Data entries
-------------------------

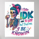 Design coloré et dynamique, avec un squelette féminin sirotant du café. Le texte coloré dit : "Je dis beaucoup IDK mais croyez-moi, je suis au courant". Ce design est disponible sur une grande variété de produits.
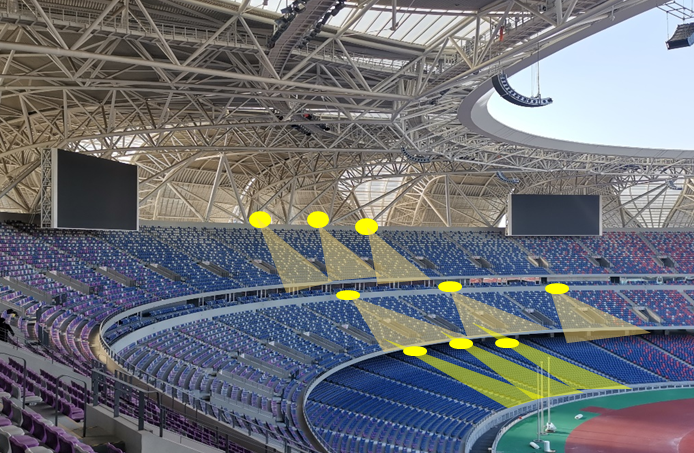 体育场馆观众席的大话务场景一直是通讯保障难点,尤其是中央区域更是以往活动保障的用户体验“重灾区”。本次通讯保障创新地提出了“看台区域2.6GHz和4.9GHz Lampsite赋形天线+中央场地漏缆+智能运维技术”,很好地解决了看台与中心场地间的强干扰问题。
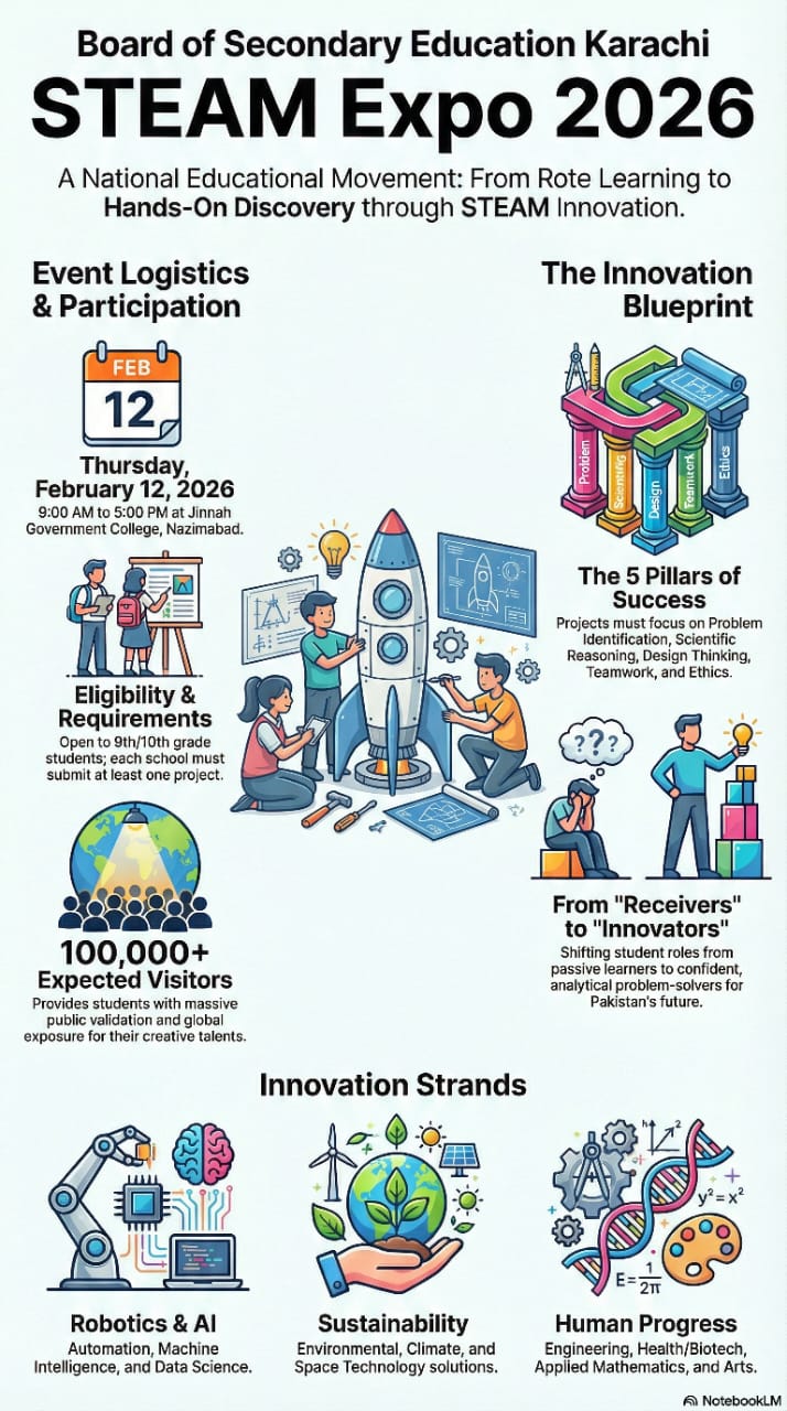 بورڈ آف سیکنڈری ایجوکیشن کراچی (BSEK) نے نجی اسکولوں کی مینجمنٹ کی تنظیم (OPSM) کے تعاون سے "اسٹیم ایکسپو 2026" کے انعقاد کا اعلان کیا ہے۔ یہ پروگرام محض ایک نمائش نہیں بلکہ تعلیمی اصلاحات اور جدت طرازی کی ایک قومی تحریک ہے۔
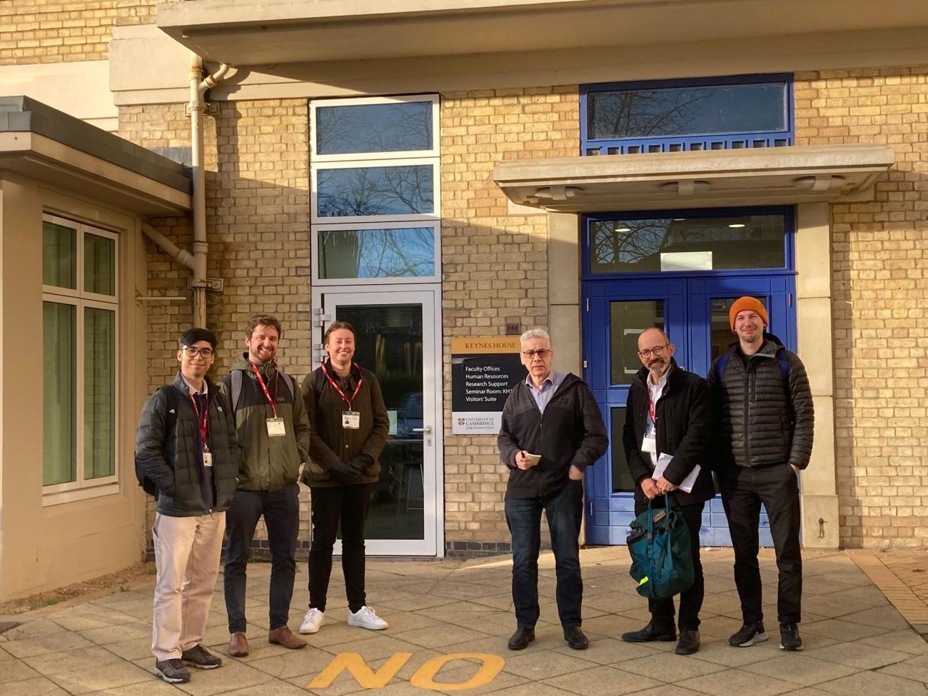 The team meets with university energy experts at Keynes House, from left, Marcus Tang, Salix, Robert Throssell, Salix, Lloyd Ross from the Department for Energy Security and Net Zero, Martin Kernan who is facilities project manager at the Cambridge Judge Business School, sustainable construction manager Alexander Reeve and Sebastian Lunt from Salix
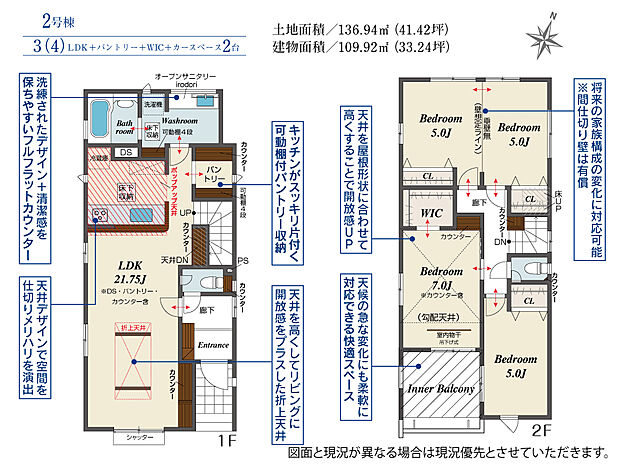 117.40m2(約35.51坪)~136.94m2(約41.42坪) |
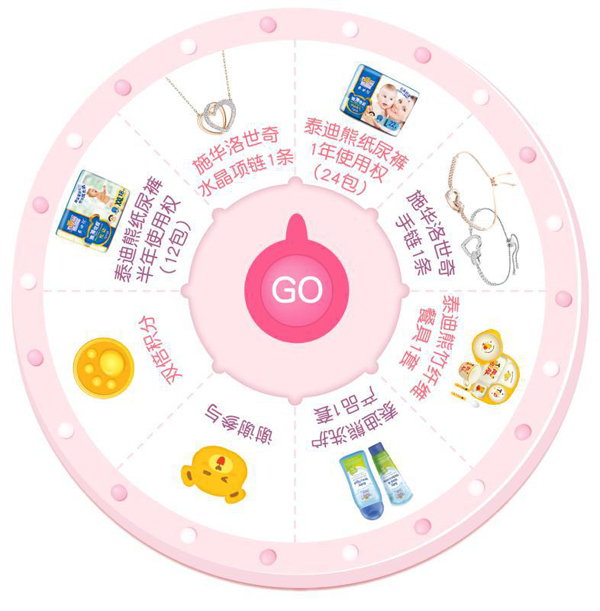 本次活動,泰迪熊紙尿褲將為女神媽媽們獻(xiàn)上施華洛世奇水晶項鏈、施華洛世奇水晶手鏈、泰迪熊紙尿褲一年使用權(quán)、泰迪熊洗護(hù)產(chǎn)品和泰迪熊寶寶練習(xí)專用餐具(套裝)等眾多Teddy安心寵愛禮,所有有售泰迪熊紙尿褲的線下門店都參加活動,會員們到店購買產(chǎn)品后掃碼積分都有機(jī)會獲得以上禮品。
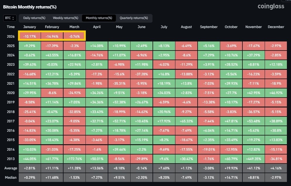 Согласно новым данным, есть вероятность, что в первый раз за всю историю Биткойна первые три месяца года могут завершиться с убытками

-------------------------

Leaving every picture behind, retype the entries above exactly, from the first line through the line with "بورڈ آف سیکنڈری", and stop there.

REPLY:
 Design coloré et dynamique, avec un squelette féminin sirotant du café. Le texte coloré dit : "Je dis beaucoup IDK mais croyez-moi, je suis au courant". Ce design est disponible sur une grande variété de produits.
 体育场馆观众席的大话务场景一直是通讯保障难点,尤其是中央区域更是以往活动保障的用户体验“重灾区”。本次通讯保障创新地提出了“看台区域2.6GHz和4.9GHz Lampsite赋形天线+中央场地漏缆+智能运维技术”,很好地解决了看台与中心场地间的强干扰问题。
 بورڈ آف سیکنڈری ایجوکیشن کراچی (BSEK) نے نجی اسکولوں کی مینجمنٹ کی تنظیم (OPSM) کے تعاون سے "اسٹیم ایکسپو 2026" کے انعقاد کا اعلان کیا ہے۔ یہ پروگرام محض ایک نمائش نہیں بلکہ تعلیمی اصلاحات اور جدت طرازی کی ایک قومی تحریک ہے۔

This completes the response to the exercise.